With a 26 per cent stake in Virgin, Air New Zealand is lending Virgin $146.5 million as part of the $476 million package to strengthen the Australian carrier's liquidity while it undergoes a review of its capital structure.
Its three other major shareholders - Etihad Airways, Singapore Airlines and Virgin Group - are contributing on a pro-rata basis.
Virgin's debt is forecast by analysts at Merrill Lynch to balloon from around A$1.7 billion to more than A$2 billion in the next year.
Air New Zealand has invested hundreds of millions in building its stake in Virgin, further building equity in a rights issue more than two years ago and now the loan.
Asked whether it could be tapped for more funds, an Air New Zealand spokeswoman said: "This loan provides Virgin with some time [to] undergo a proper review of their capital structure."

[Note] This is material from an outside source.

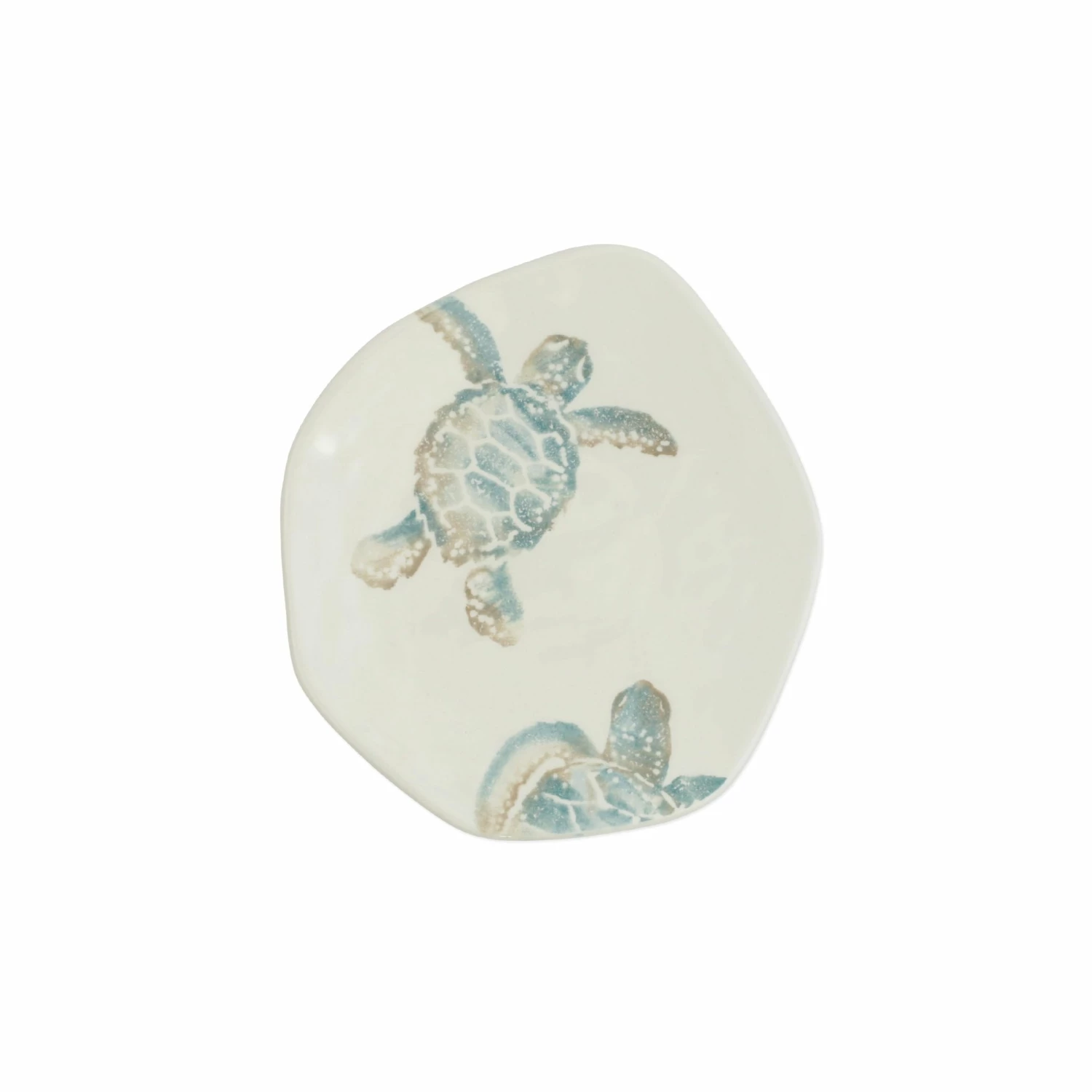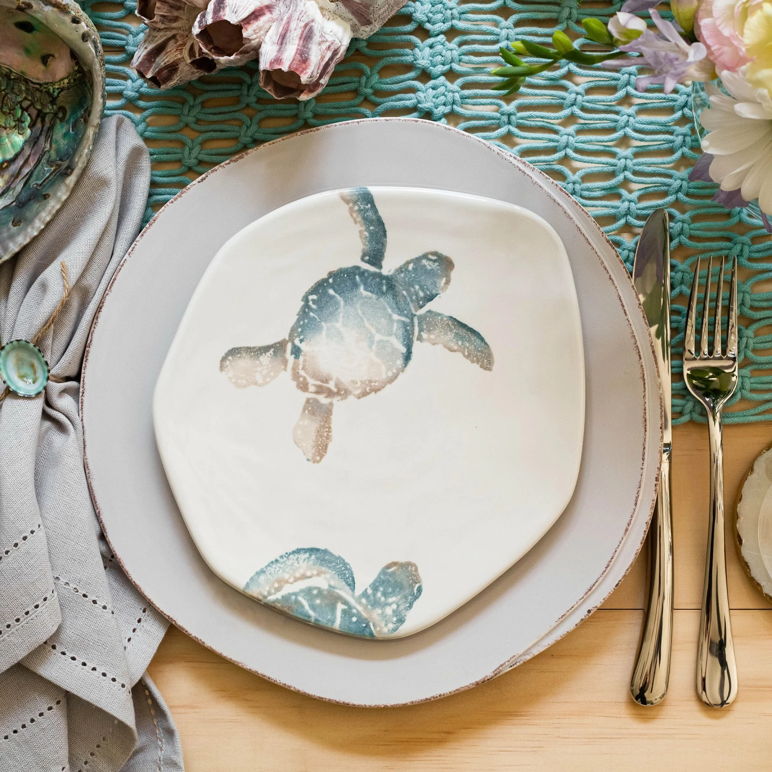 The handpainted sea turtle is rendered in hues of aqua and taupe against a clean, white canvas on the Tartaruga Turtle w/ Head Salad Plate. Maestro artisan, Gianluca Fabbro, utilizes a unique sponging technique to carefully add detail to each piece.
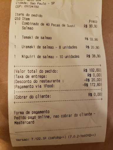 No dia 06/09/2025, realizei um pedido de 40 peças de sushi pelo aplicativo Rappi, referente ao restaurante Morumbi sushi. E o pedido nunca foi entregue.

Virgin shares closed up A3c yesterday at A38c, while Air New Zealand shares closed up 3c at $2.87. Virgin chief executive John Borghetti said the review would include an assessment of the best mix of debt and equity capital and initiatives to enhance cash flow and profitability.
His airline is emerging from a bruising domestic battle with Qantas and even though it announced a A$71 million turnaround in pre-tax profit analysts have highlighted high debt, slowing momentum and weak operating cash flow.
Besides its equity stake, Air NZ has a revenue share alliance giving it access to the Australian domestic market and both airlines the ability to rationalise their transtasman operations.
Last month Air New Zealand chief executive Christopher Luxon - a Virgin director - said his airline's strategic rationale for its relationship remained unchanged and he was encouraged by improved profitability.
"We have [shareholder support] and the improved performances have been really encouraging."